# Zatoichi



## Han_Tsu_Ki (Apr 9, 2004)

I just watched the movie Zatoichi and I thought that it was excellent. I would like to hear some thoughts from anyone else who has seen the movie, particularly about zatoichi's style.


----------



## Chicago Green Dragon (Apr 10, 2004)

Its a great fictional character series.

There is a new remake of it coming to the theaters

http://www.apple.com/trailers/miramax/zatoichi.html

http://office-kitano.co.jp/zatoichi/

Enjoy

Chicago Green Dragon

 :asian:


----------



## Andi (Apr 10, 2004)

I saw it last night too. I enjoyed it, thought it was very good. There were lots of random little sequences and background details that were quite mental- amused me quite a lot. That wannabe samurai fella was pretty funny. Can't really comment on the swordmanship, I'm not a sword art connoisseur, but the occasional moments that highlighted the tactics were useful to a laymen like myself. The bit where Shinkichi (sp? the nephew) teaches those three lads was funny too. Hehe. Well done Kitano.


----------



## Han_Tsu_Ki (Apr 10, 2004)

By chance, does anyone know if a soundtrack has been released? I would like to buy it if I could.


----------



## Andi (Apr 10, 2004)

Is this what you're after? Looks a bit steep.


----------



## Han_Tsu_Ki (Apr 11, 2004)

ouch... out of my price range. o well, thanks.


----------



## ShaolinWolf (Apr 16, 2004)

hey, what did you expect? Any Soundtrack imported, especially from asia is gonna cost over $30...unless it's one disc...

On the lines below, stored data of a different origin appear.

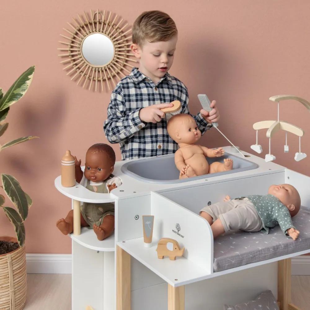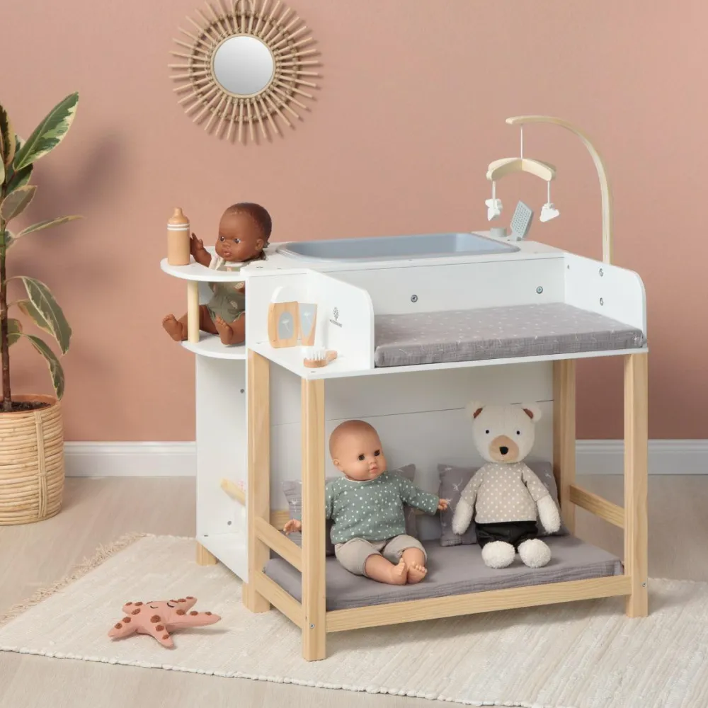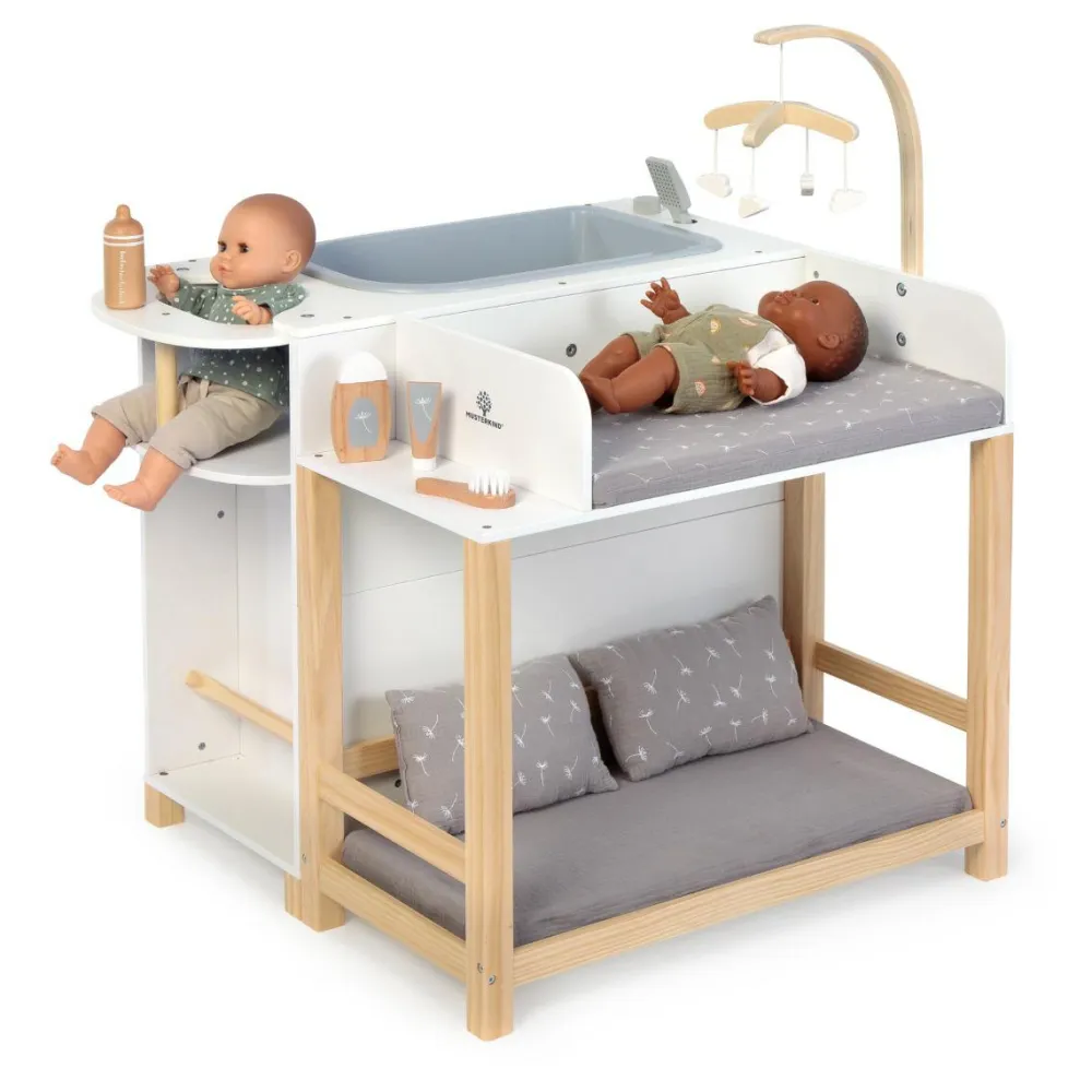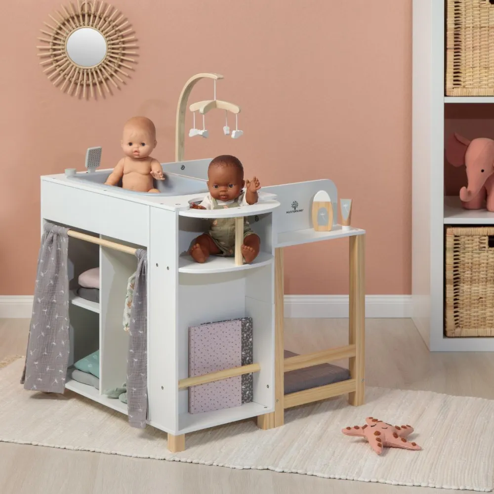Her er lidt af et luksus dukkemøbel hvor dukke både kan få sig et bad, få lidt at spise, få skiftet ble og sove lur i sin dukkeseng med madras (der kan være en køjeseng hvis vi tæller puslepladsen med). Der er også klædeskab med bøjlestang og hyldeplads til fx dukketøj eller hvad I ellers har af dukketing.
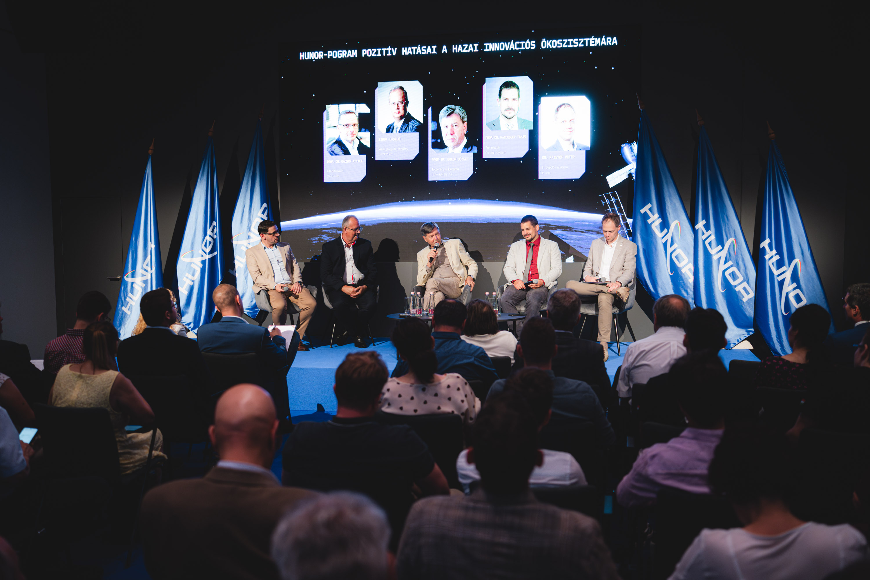 Kristóf Péter, az Infotér innovációs szakértőjének moderálásával Bokor József, a HUN-REN Számítástechnikai és Automatizálási Kutatóintézet tudományos igazgatója a Széchenyi István Egyetem Járműipari Kutatóközpontjának elnöke, Prof. Dr. Gácser Attila, az SZTE TTIK intézetvezetője, Prof. Dr. Haidegger Tamás, az Óbudai Egyetem professzora; az Initium Venture Labs Zrt. vezérigazgató-helyettese valamint Simon László Grepton Zrt. vezérigazgatója a HUNOR program pozitív hatásairól beszélgetett a hazai innovációs ökoszisztémára.
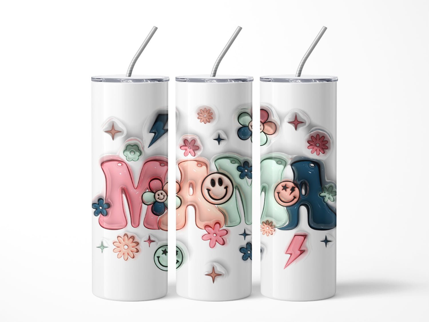 Mama Tumbler - Fun Relax Motivation 3D Inflated Look Design Sublimated 20 oz Stainless Steel Tumbler with Straw

Look on eBay!!! Best o' Luck to ya!


----------



## ShaolinWolf (May 23, 2004)

Well, I can't wait for this movie to come out. Anybody else?

:asian: 

(Didn't see the original, sad to say.)


----------



## Andi (May 24, 2004)

What do you mean SW? Did it not get released back when Han_Tsu_Ki started this thread?


----------



## ShaolinWolf (May 25, 2004)

Well, he only posted it at the beginning of April...

Also, there was already an old version of it...this is a remake...:asian:


----------